GIVEN MATERIAL

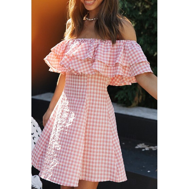 HOT ! Women's Mini Dress Graduation Dress Fashion Outdoor Daily Holiday Regular Fit Plaid Short Sleeve Off Shoulder Pink Summer
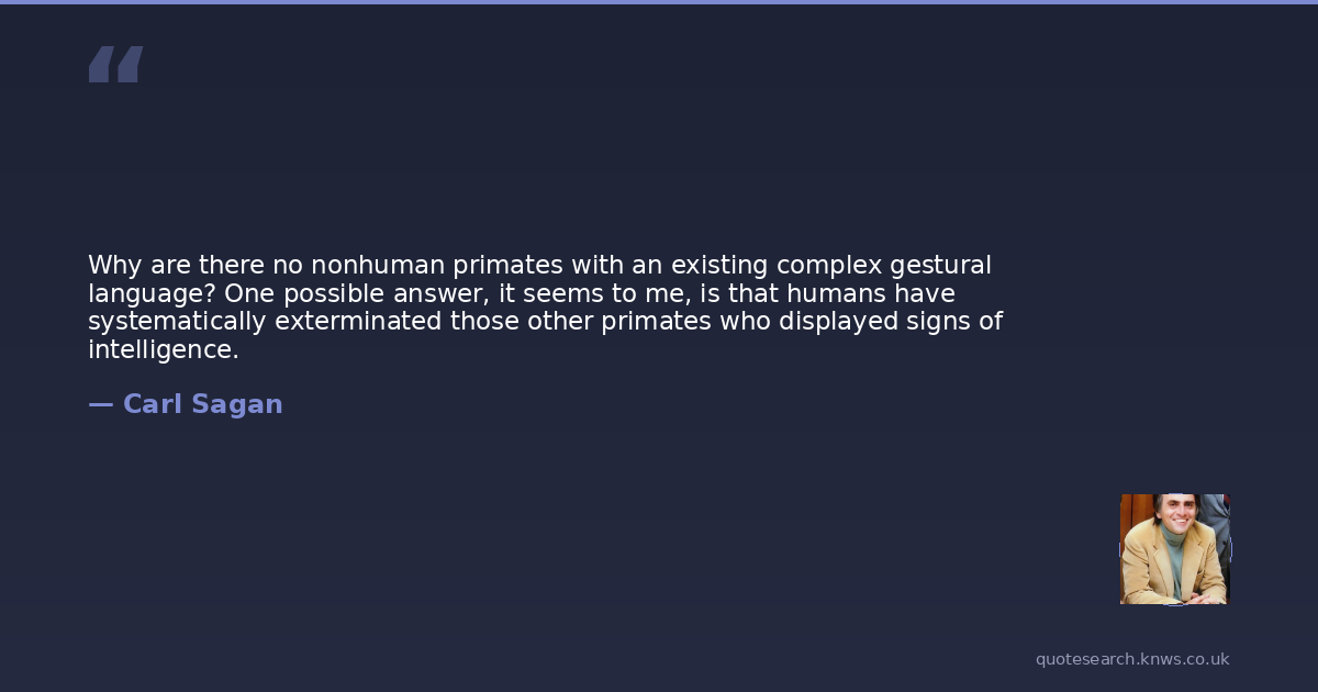 Why are there no nonhuman primates with an existing complex gestural language? One possible answer, it seems to me, is that humans have systematically exterminated those other primates who displayed signs of intelligence.
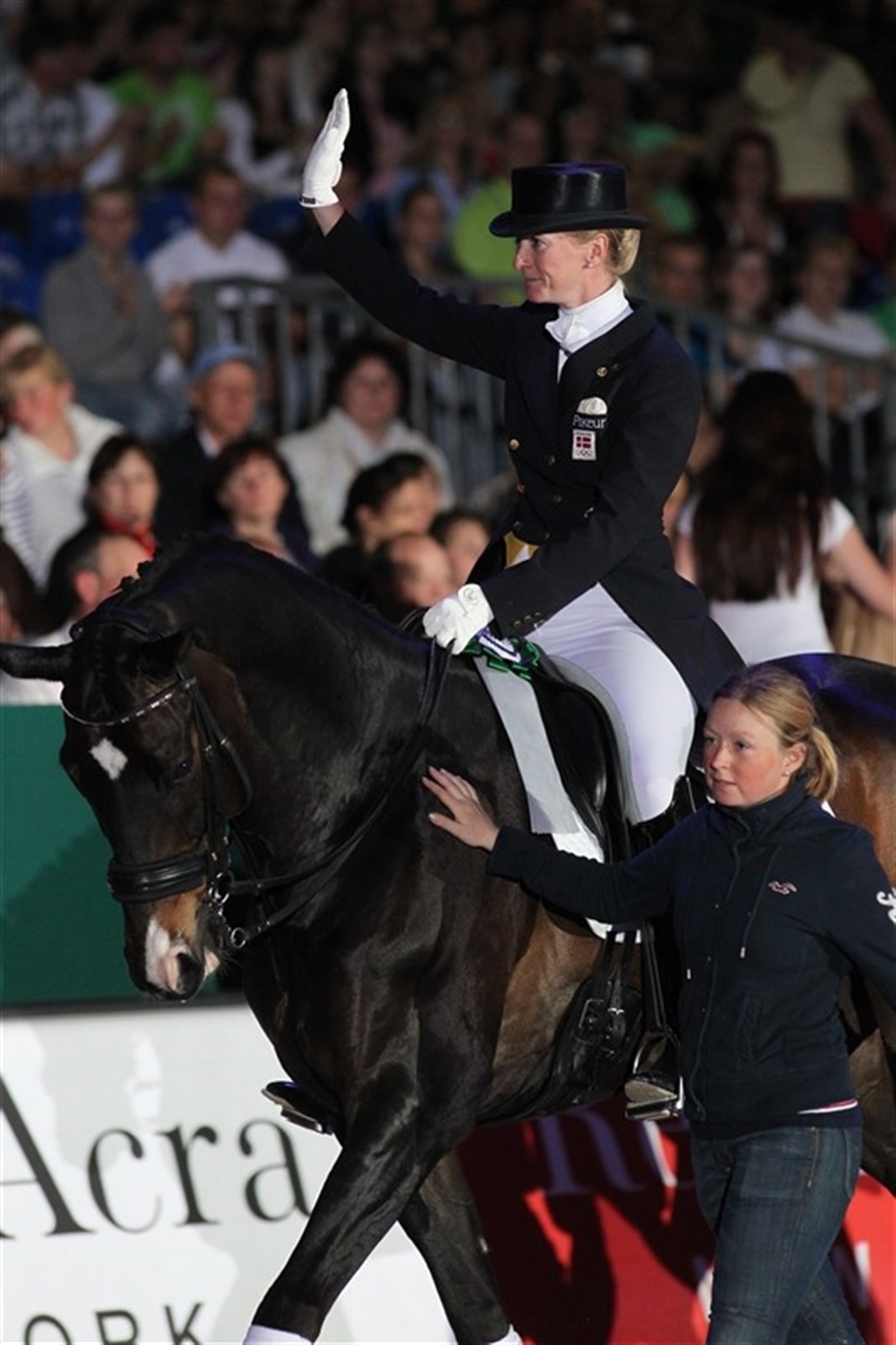 - Jeg er helt målløs over det her. Mit mål var at komme i top 6, så det her havde jeg ikke forventet. Jeg må dog sige, at Digby har udviklet sin trav over vinteren også fordi han er blevet stærkere, fortalte Nathalie efter andenpladsen i World Cuppen var en realitet. - Der kommer til at gå nogle dag inden det helt falder på plads, og jeg helt forstår, hvad der er sket her. Nu skal Digby hjem og holde lidt fri, sluttede hun. Der er dog ikke mange fridage til Nathalie, for allerede onsdag i den kommende uge, skal hun starte Fabienne og Horsebo Smarties ved det internationale stævne i Hagen. Nathalie og Digby gjorde det igen Storfavoritten hollandske Adelinde Cornelissen og Parzival blev med et enstemmigt dommerkollegie som ventet vinder af World Cup finalen 2011 i Leipzig med 84,804%. Hvad der derimod ikke var ventet, men efter den kvalifiserende G.P. kun håbet og ønsket var, at Prinsesse Nathalie og Digby kunne gentage deres flotte indsats, og det gjorde de ved lørdag aften for en næsten udsolgte tribuner igen at ride sig ind på en flot andenplads med så imponerende et resultat som 80,036 %. At blive nr.to er et fantastisk resultat for Nathalie, men så sandelig også for dansk dressursport og for Dansk Varmblod. På trediepladsen fulgte ligeledes som i Grand Prixen Tyske Ulla Salzgeber med Herzruf´s Erbe (78,821%) medens sidste års World Cup vinder Edward Gal med Sister de Jeu som den enenste forbedrede sit resultat fra Grand Prixen fra en ottende til en fjerde plads i finalen med 77,393 %. En rytter som red sit livs ridt, men som slet ikke blev honoreret efter fortjeneste var svenske Patrik Kittel på Watermill Scandic H.B.C. De opnåede 76,375 % hviklet rakte til 6 plads men blev modtaget med piften og hujen af et fagkyndigt publikum.

GOAL OF THE EXERCISE
Repeat all of the listing above word for word, and exclude the pictures.

SOLUTION
 HOT ! Women's Mini Dress Graduation Dress Fashion Outdoor Daily Holiday Regular Fit Plaid Short Sleeve Off Shoulder Pink Summer
 Why are there no nonhuman primates with an existing complex gestural language? One possible answer, it seems to me, is that humans have systematically exterminated those other primates who displayed signs of intelligence.
 - Jeg er helt målløs over det her. Mit mål var at komme i top 6, så det her havde jeg ikke forventet. Jeg må dog sige, at Digby har udviklet sin trav over vinteren også fordi han er blevet stærkere, fortalte Nathalie efter andenpladsen i World Cuppen var en realitet. - Der kommer til at gå nogle dag inden det helt falder på plads, og jeg helt forstår, hvad der er sket her. Nu skal Digby hjem og holde lidt fri, sluttede hun. Der er dog ikke mange fridage til Nathalie, for allerede onsdag i den kommende uge, skal hun starte Fabienne og Horsebo Smarties ved det internationale stævne i Hagen. Nathalie og Digby gjorde det igen Storfavoritten hollandske Adelinde Cornelissen og Parzival blev med et enstemmigt dommerkollegie som ventet vinder af World Cup finalen 2011 i Leipzig med 84,804%. Hvad der derimod ikke var ventet, men efter den kvalifiserende G.P. kun håbet og ønsket var, at Prinsesse Nathalie og Digby kunne gentage deres flotte indsats, og det gjorde de ved lørdag aften for en næsten udsolgte tribuner igen at ride sig ind på en flot andenplads med så imponerende et resultat som 80,036 %. At blive nr.to er et fantastisk resultat for Nathalie, men så sandelig også for dansk dressursport og for Dansk Varmblod. På trediepladsen fulgte ligeledes som i Grand Prixen Tyske Ulla Salzgeber med Herzruf´s Erbe (78,821%) medens sidste års World Cup vinder Edward Gal med Sister de Jeu som den enenste forbedrede sit resultat fra Grand Prixen fra en ottende til en fjerde plads i finalen med 77,393 %. En rytter som red sit livs ridt, men som slet ikke blev honoreret efter fortjeneste var svenske Patrik Kittel på Watermill Scandic H.B.C. De opnåede 76,375 % hviklet rakte til 6 plads men blev modtaget med piften og hujen af et fagkyndigt publikum.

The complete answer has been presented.